YOUR ASSIGNMENT: An exact copy is needed of the lines in the entries below from the line with "Надежная система фиксации" up to and including the line with "青年志愿者中心主任、班级班长", and of nothing else. Leave the pictures out.

EXERCISE MATERIAL:

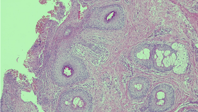 Biopsia de cuero cabelludo (punch): fragmento de cuero cabelludo con costra de fibrina y elementos inflamatorios, dermis: infiltrado inflamatorio de linfocitos y neutrófilos que producen lesión de los folículos pilosos y disminución del número de bulbos foliculares, no se identifica fibrosis en el material estudiado.
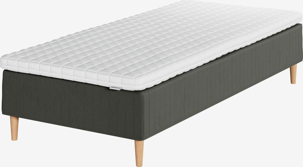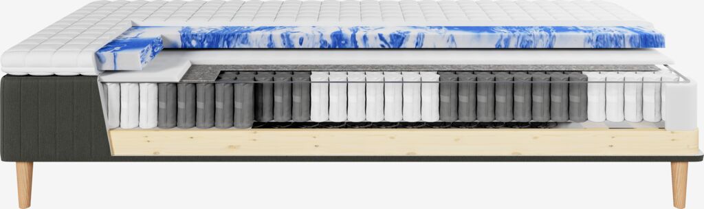 Kaksoisjousitettu runkopatja 80x200 cm, joka on jaettu 5 mukavuusvyöhykkeeseen, jotka tarjoavat tarkan, optimaalisen tuen. Päällimmäisessä kerroksessa on pussijousia 246/m², pehmustettu polyeetterivaahtomuovilla. Alemmassa kerroksessa on bonnell-jousia 150/m². Sis. 5 cm paksun sijauspatjan painetta keventävällä geelivaahtomuoviytimellä, joka muotoutuu vartalon mukaan ja poistaa ylimääräistä lämpöä. Pestävä päällinen 100% poleysteriä (100% kierrätetty) pehmeällä, paksulla tikkauksella. Ilman jalkoja.
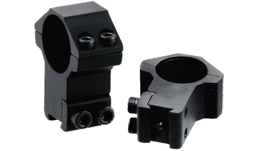 Надежная система фиксации оптики в кольце – 4 винтов (по два с двух сторон) на каждом кольце.
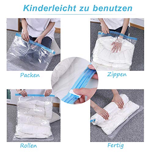 Verschillende maten: 13 compressiezakken, 4 stuks, 50 x 70 cm, 4 stuks 40 x 60 cm, 5 stuks 32 x 39 cm, de zakken zijn herbruikbaar en kunnen op elke vakantie opnieuw worden gebruikt en zijn daardoor zeer milieuvriendelijk.
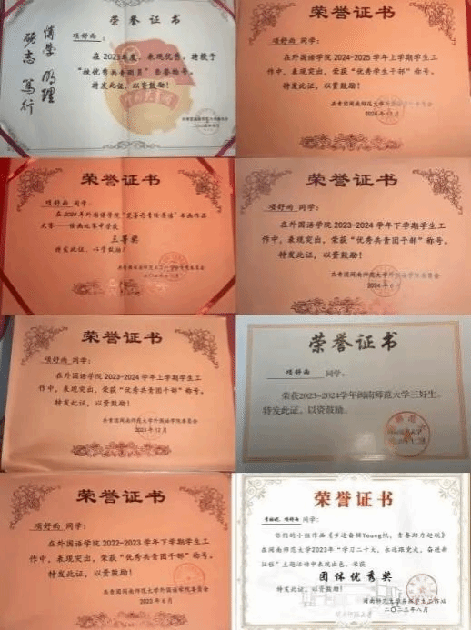 青年志愿者中心主任、班级班长。思想上,她政治立场坚定,主动通过实践深化理论认知,曾于寒假期间赴中共泉州市鲤城区委组织部机关党建股开展专项实习。学生工作方面,她在担任外院青志中心主任与班长期间,统筹协调能力强,高效完成工作,获评校级“优秀共青团员”1次、院级“优秀共青团干部”2次及院级“优秀学生干部”1次。专业学习上勤奋刻苦,曾获校二等奖学金、校“三好学生”等荣誉;竞赛实践成果突出,曾获2025年全国大学生英语竞赛校三等奖、2024年韩素音国际翻译大赛优秀奖等多项奖项。此外,她多次参与寒暑期社会实践,获评校级“社会实践先进个人”称号,展现出全面的综合素质。
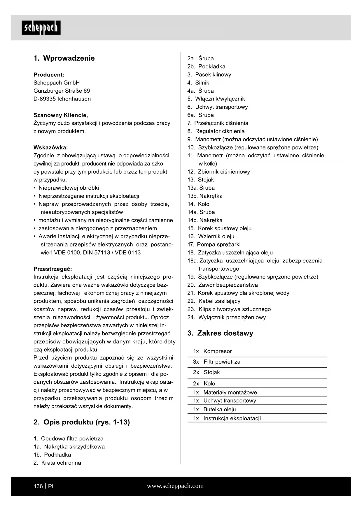 Producent: Scheppach GmbH Günzburger Straße 69 D-89335 Ichenhausen Szanowny Kliencie, Życzymy dużo satysfakcji i powodzenia podczas pracy z nowym produktem. Wskazówka: Zgodnie z obowiązującą ustawą o odpowiedzialności cywilnej za produkt, producent nie odpowiada za szko- dy powstałe przy tym produkcie lub przez ten produkt w przypadku:

EXERCISE ANSWER:
 Надежная система фиксации оптики в кольце – 4 винтов (по два с двух сторон) на каждом кольце.
 Verschillende maten: 13 compressiezakken, 4 stuks, 50 x 70 cm, 4 stuks 40 x 60 cm, 5 stuks 32 x 39 cm, de zakken zijn herbruikbaar en kunnen op elke vakantie opnieuw worden gebruikt en zijn daardoor zeer milieuvriendelijk.
 青年志愿者中心主任、班级班长。思想上,她政治立场坚定,主动通过实践深化理论认知,曾于寒假期间赴中共泉州市鲤城区委组织部机关党建股开展专项实习。学生工作方面,她在担任外院青志中心主任与班长期间,统筹协调能力强,高效完成工作,获评校级“优秀共青团员”1次、院级“优秀共青团干部”2次及院级“优秀学生干部”1次。专业学习上勤奋刻苦,曾获校二等奖学金、校“三好学生”等荣誉;竞赛实践成果突出,曾获2025年全国大学生英语竞赛校三等奖、2024年韩素音国际翻译大赛优秀奖等多项奖项。此外,她多次参与寒暑期社会实践,获评校级“社会实践先进个人”称号,展现出全面的综合素质。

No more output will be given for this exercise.